I had 3 friends (out of 150) give birth on the same day earlier this year.

In reply to Philip:

Nope, that's not the week of mine (I'm 3rd April, and I have a twin, so that automatically skews that one) - it's the week approximately nine months after Christmas. I have noticeably more friends born during that week than any other week.

In reply to Tall Clare:

The answers that we've given so far all assume that births are randomly distributed, so the answers will be the same for any given week.

In particular, these calculations don't account for twins or the fact that lots of your friends' parents like a shag at Christmas.

In reply to crossdressingrodney:


My cousins (brothers) are 23rd and 24th December. 4 years apart (but not leap years).
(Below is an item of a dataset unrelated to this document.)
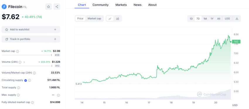 Au cours des sept derniers jours, Filecoin a vu son prix augmenter de 43,25%. Sur une base quotidienne, la valeur de son token a grimpé de 18,32%. Ce qui est particulièrement notable avec Filecoin, c’est l’intérêt croissant des investisseurs pour le token. D’après les informations de Coinmarketcap, le volume d’échange sur FIL a bondi de près de 124,67%, atteignant 1,2 milliard de dollars.

Clearly my Uncle did something right in March only a 4 yearly cycle!

In reply to crossdressingrodney:

Here's an interesting (perhaps) article about exactly that which shows that a) births in the US at least are not randomly distributed, with September being the busiest month with 7% higher than the average number of births, and b) this non-randomness doesn't substantially affect the results of the non week-specific problem.

http://www.jstor.org/stable/2685309?seq=1

I seem to recall reading somewhere once that the birth distribution in Scandinavia was even more skewed towards the Autumn, since there's not much else to do on those long winter nights...

In reply to crossdressingrodney:


Nice!
Reminds me of
http://www.blue-straggler.net/miTunes/NeitherOfUs.mp3

Hmm the mp3 seems to have "rotted" a bit - got squeaks and jumps but kind of works

In reply to Philip:

Leap years, possibly ?

In reply to Philip:

My brother and a former housemate of mine share a birthday. 2 days after my cousin and step sister. I did once know a girl called Kerry who shared my birthday. That was a bit weird.

In reply to Philip:

To answer your original question:

If you have at least 36 friends, you have better than even chances of having at least two pairs share a birthday*.

As it turns out, regardless of how many friends you have, there are *never* better than 50:50 odds that exactly one pair share a birthday. The best you can do is 28.0% with 39 friends.

* For the pedants: this happens to be true whether or not you consider a triple-birthday coincidence (a, b, c) to count as three distinct birthday pairs (a, b) and (a, c) and (b, c).

In reply to ceri:


I once met a girl called Karma who shared my birthday (she also shared my cringing at her name, bemoaning her befuddled hippy parents )

In reply to Blue Straggler:

That's beautiful. I just realised I've never heard their radio stuff before, so thanks for that.